Aim: Head and neck squamous cell carcinoma (HNSCC) ranks seventh in incidence among the most common types of cancer worldwide. Although smoking and drinking are risk factors for HNSCC, the specific causes of, and molecular mechanisms underlying, of HNSCC have not been identified. Despite improvements in tumor treatment technology over the last 40 years, the prognosis of patients with HNSCC has not changed significantly. Therefore, to improve HNSCC treatment strategies and for early diagnosis, it is important to study its pathogenesis, and to identify prognostic markers for it.
Materials and methods: We used an integrated bioinformatics approach to identify key pathogenic and prognostic genes involved in HNSCC and to reveal the potential underlying molecular mechanisms. The expression profiles of the GSE6631 and GSE107591 datasets were downloaded from the Gene Expression Omnibus (GEO) database, and the tertiary RNA-sequencing dataset of HNSCC and corresponding clinical information were downloaded from The Cancer Genome Atlas (TCGA). These three datasets were integrated to identify differentially expressed genes (DEGs), and DEGs were analyzed using bioinformatic tools, including R packages.
Results: We identified 83 DEGs among these datasets. Gene Ontology analysis showed that the biological functions of the identified DEGs are primarily associated with regulating extracellular signal cascades, epidermis development, adhesion, and other tumor cytology behaviors.

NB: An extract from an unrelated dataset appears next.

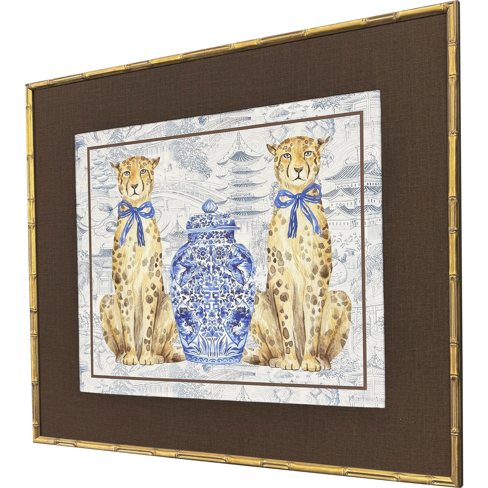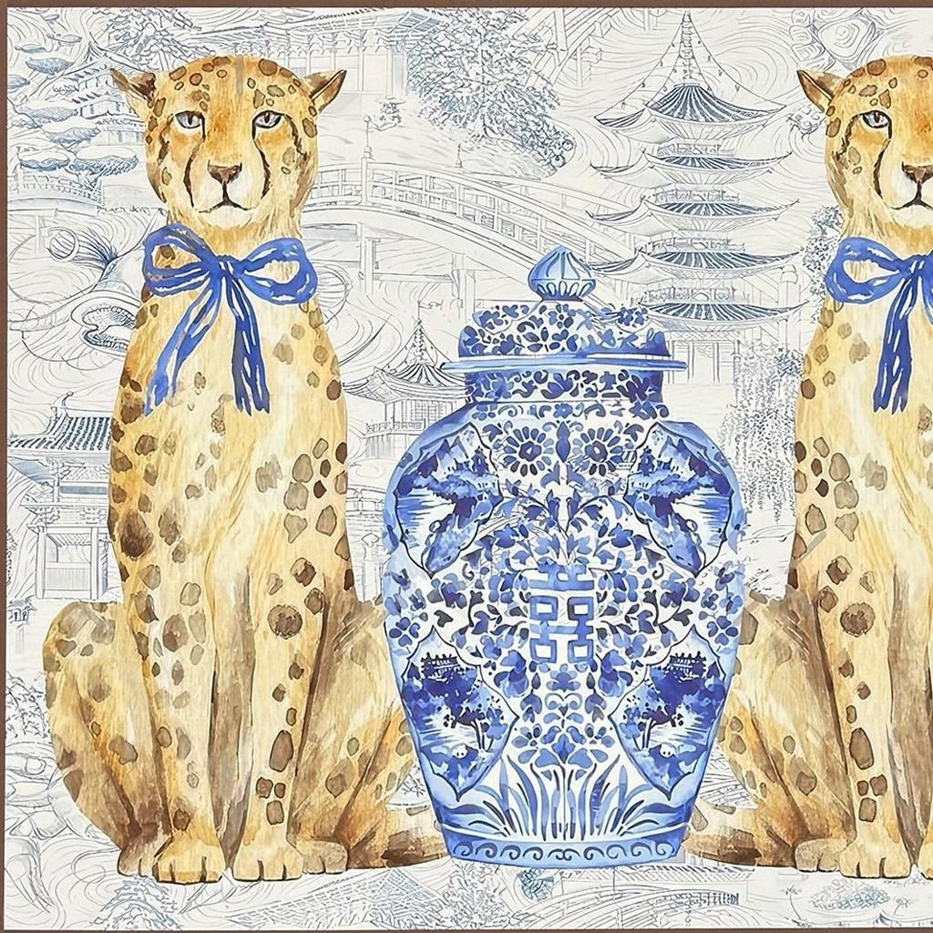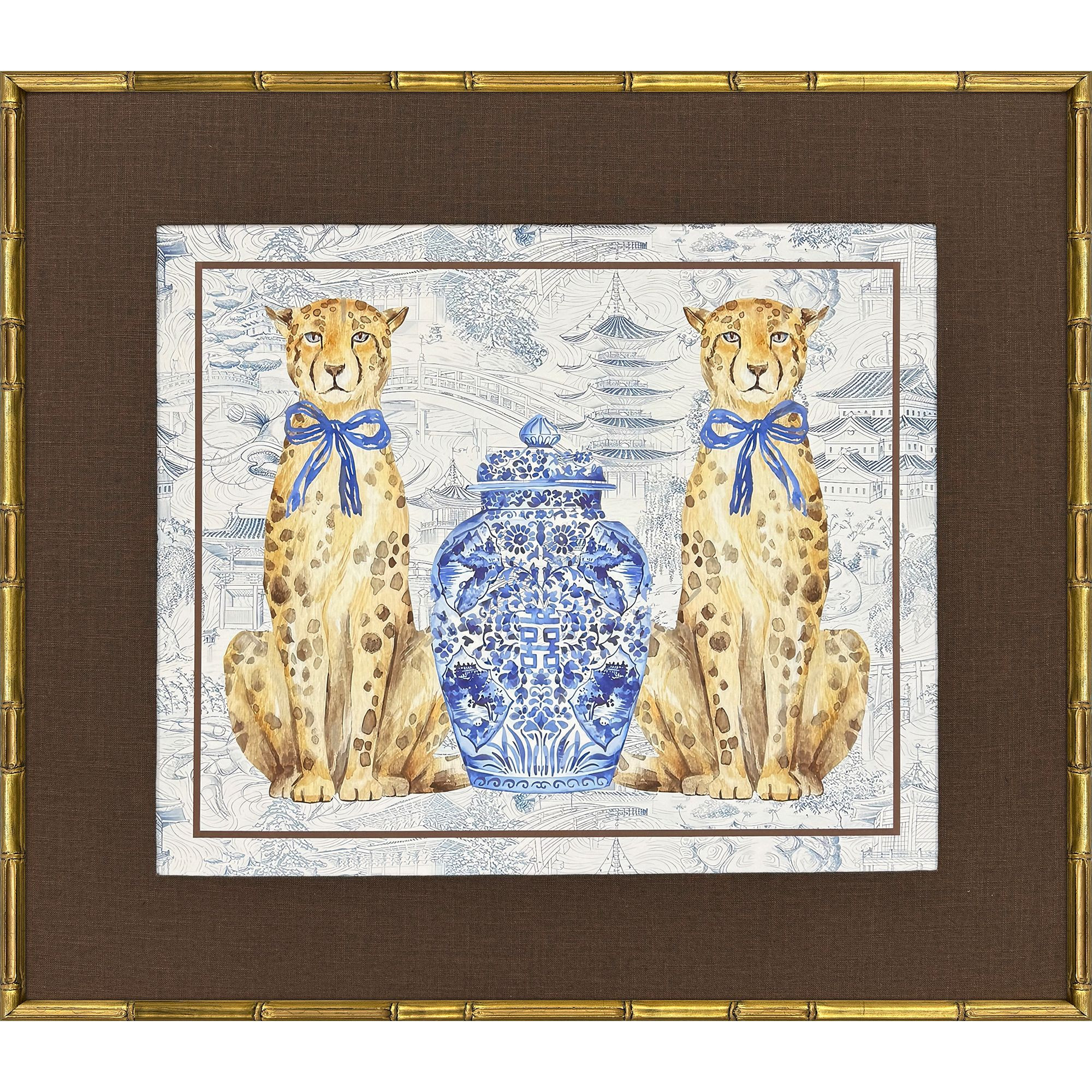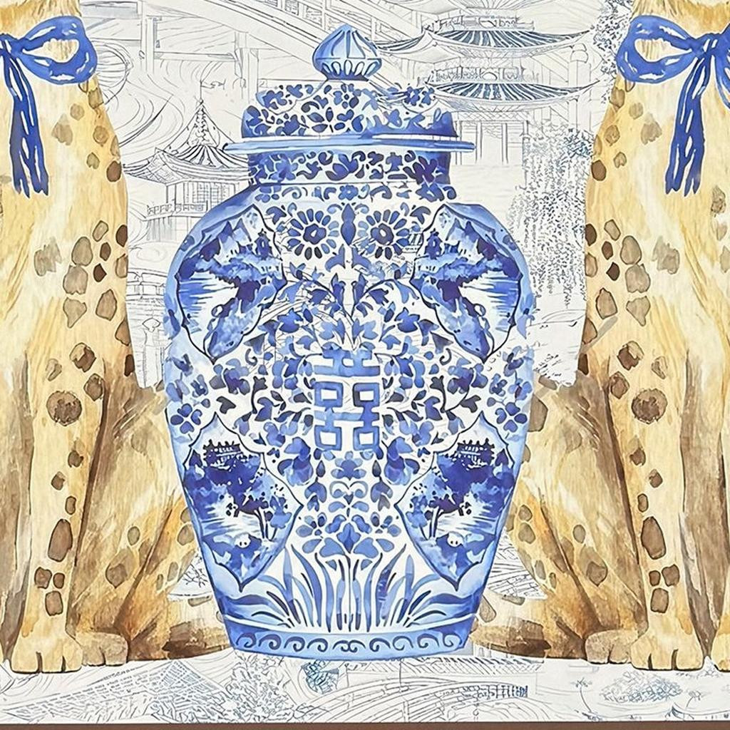 Leopards,Vases,Porcelain,Exclusive,Giclee,Hand Finished,Glass Front,Oriental Leopards |

Kyoto Encyclopedia of Genes and Genomes pathway analysis showed that these DEGs were mainly involved in the PI3K-Akt, human papillomavirus infection, and IL-17 signaling pathways. A protein–protein interaction network was constructed to reveal the 20 most closely related genes among the DEGs.

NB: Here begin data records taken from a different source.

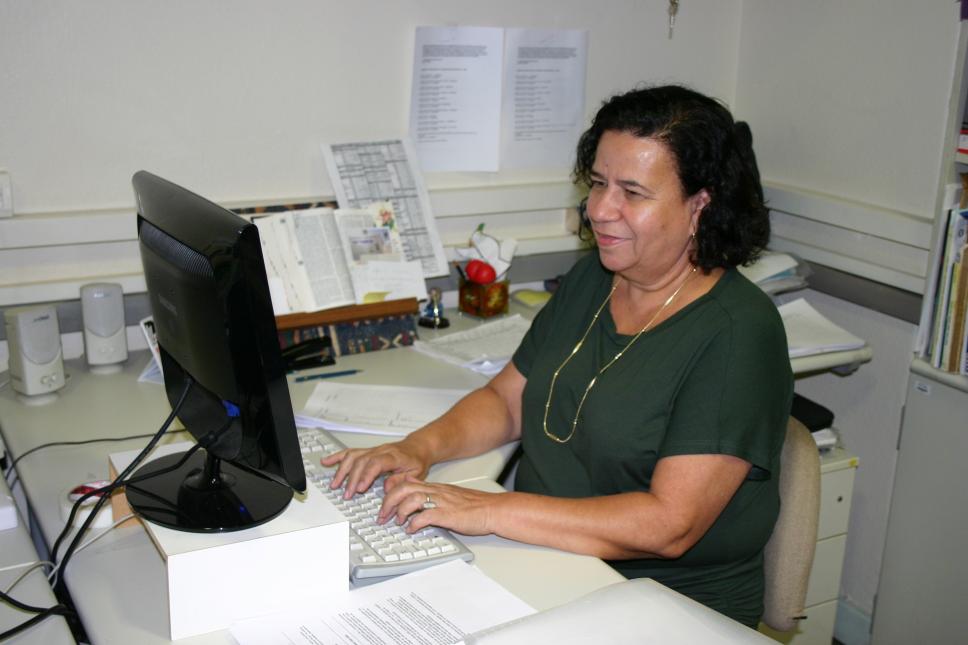 Funcionária Maria de Lourdes dos Santos Mendonça (DBD) em seu ambiente de trabalho.
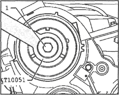 5 Снимите ступицу с распределительного вала при помощи специального съемника (см. сопр. иллюстрацию).
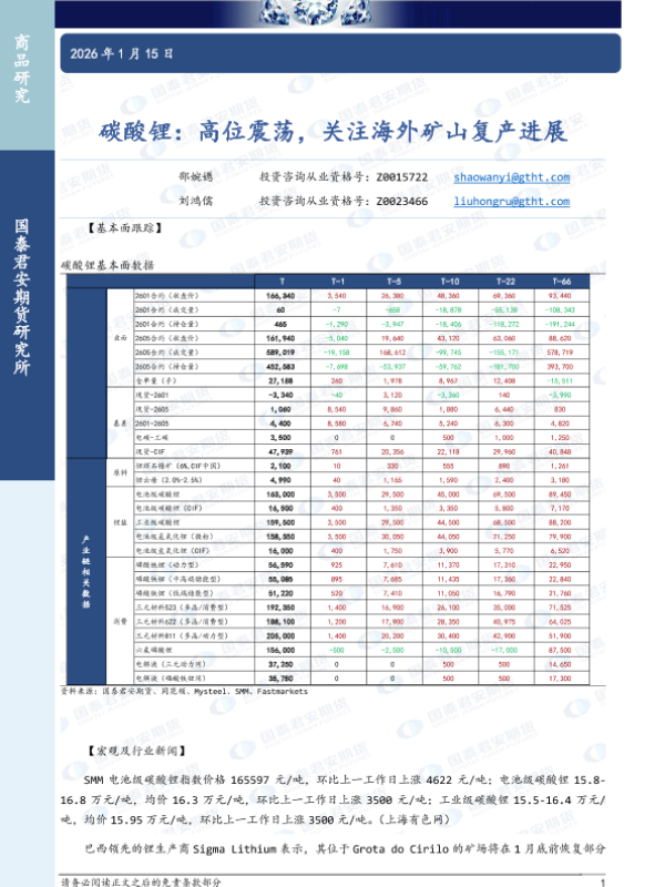 【国泰君安期货】【202601】碳酸锂:高位震荡,关注海外矿山复产进展-3页
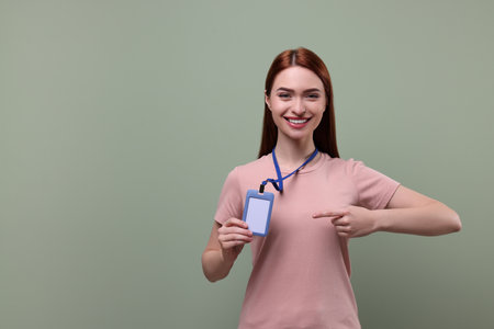 Smiling woman pointing at vip pass badge on pale green background, space for text
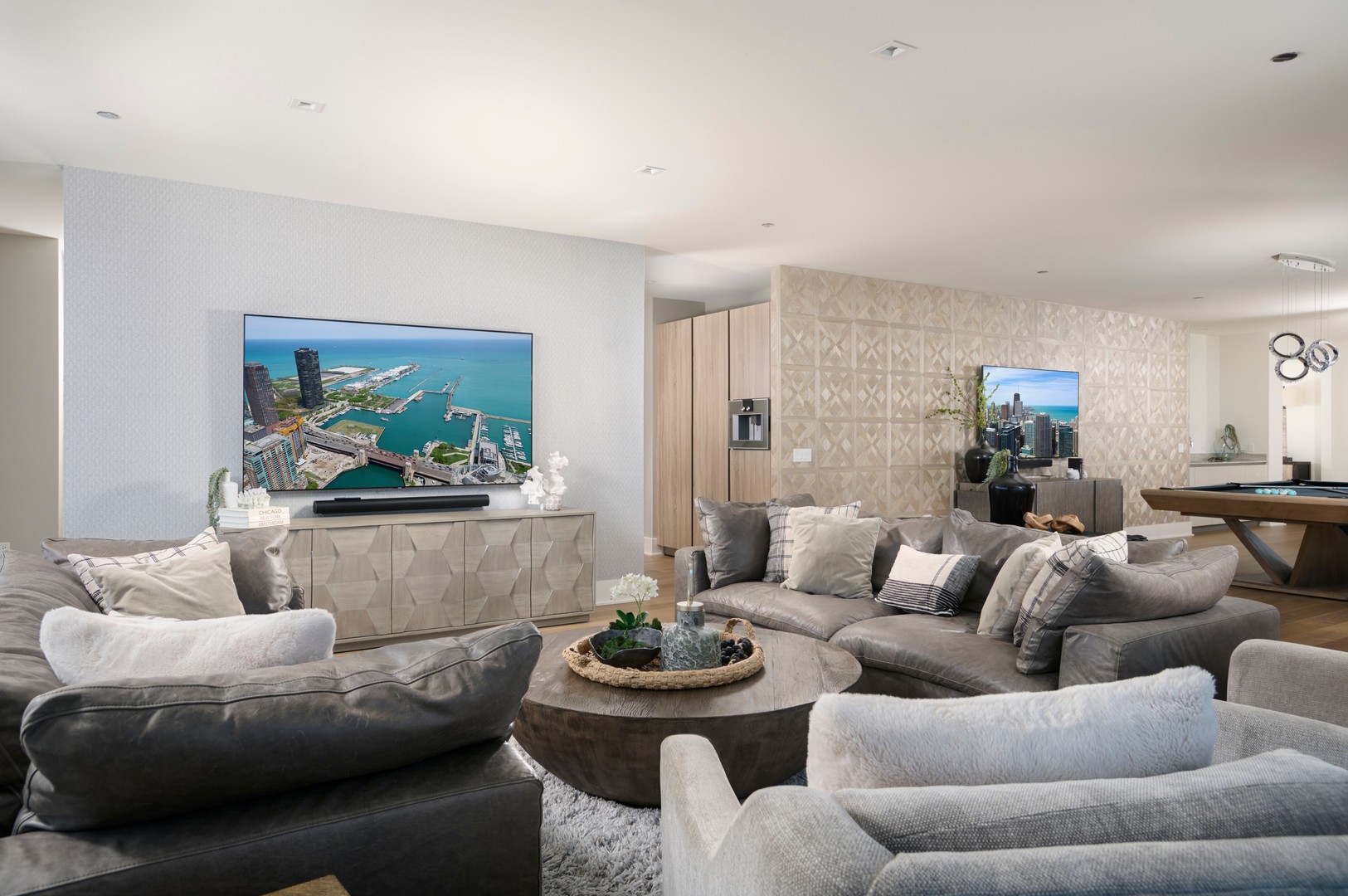 6106 is a premier residence at the 5 Star St. Regis Chicago with jaw dropping views and quite possibly the best amenities in town. In the architectural landmark by Jeanne Gang, this 4708 SF 4 bed/5.1 bath home has an 80′ wide great room with unobstructed N / E / S panoramic views of Lake Michigan, Chicago River, Grant Park, and the city skyline. Ideal for entertaining, this open-concept space integrates a formal living area, a dining space with a built-in wet bar, and a family room along with a 32′ long terrace. The gourmet kitchen is outfitted with Gaggenau and Thermador appliances, sleek Snaidero cabinetry, cantilevered countertops, a seamless natural stone backsplash and an oversized island with seating for four. Thoughtfully curated fixtures and finishes throughout including wide-plank hardwood floors, designer lighting, and custom wall coverings and window treatments. The luxe primary suite comes with two generous walk-in closets and two spa-inspired en-suite baths featuring full-height stone, Robern cabinetry, Kallista fixtures, heated floors, and glass-encased showers (one with a built-in makeup station and freestanding tub). The three secondary bedrooms are separated from the primary and each have their own en-suite bathroom. Additional features include a stylish powder room, a large laundry room, and plenty of storage. Residents of The St. Regis Chicago enjoy unmatched amenities: the private 47th-floor owner’s level features an outdoor pool, hot tub, fire pit, fitness and training studios, a private dining room for 20, a demonstration kitchen, a wine tasting room with private storage, a kids play center, and a secure dog run. Other amenities include a luxurious indoor pool, a full-service spa, a sky terrace, and 24-hour concierge and butler service, ensuring every need is met. Better still, culinary excellence is just an elevator ride away with renowned on-site dining options Tre Dita and Miru. Steps from the Chicago Riverwalk, Millennium Park and the Magnificent Mile, 363 E. Wacker Dr unit 6106 offers unsurpassed luxury, location, and lifestyle in the heart of Lakeshore East. One valet space and one premium self-park space are included.
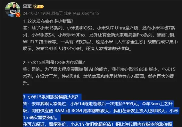至於大家關心的售價問題,雷軍和盧偉冰其實也在此前給大家打了「預防針」。雷軍表示小米14是最後一次定價3999。考慮到今年元器件成本上漲(SoC、RAM和ROM)和研發投入,小米15確實需要漲價。

Conclusion: Four key genes in the network (PLAU, SERPINE1, SPP1, and MMP1) were demonstrated to have prognostic relevance based on their significant associations with survival in patients with HNSCC. We verified the high expression of SERRPINE1 in hypopharyngeal carcinoma cell lines by qRT-PCR and Western blotting.
Clinical significance: Our findings would help elucidate the molecular mechanisms underlying the development and provide the possibility to improve the prognosis of HNSCC.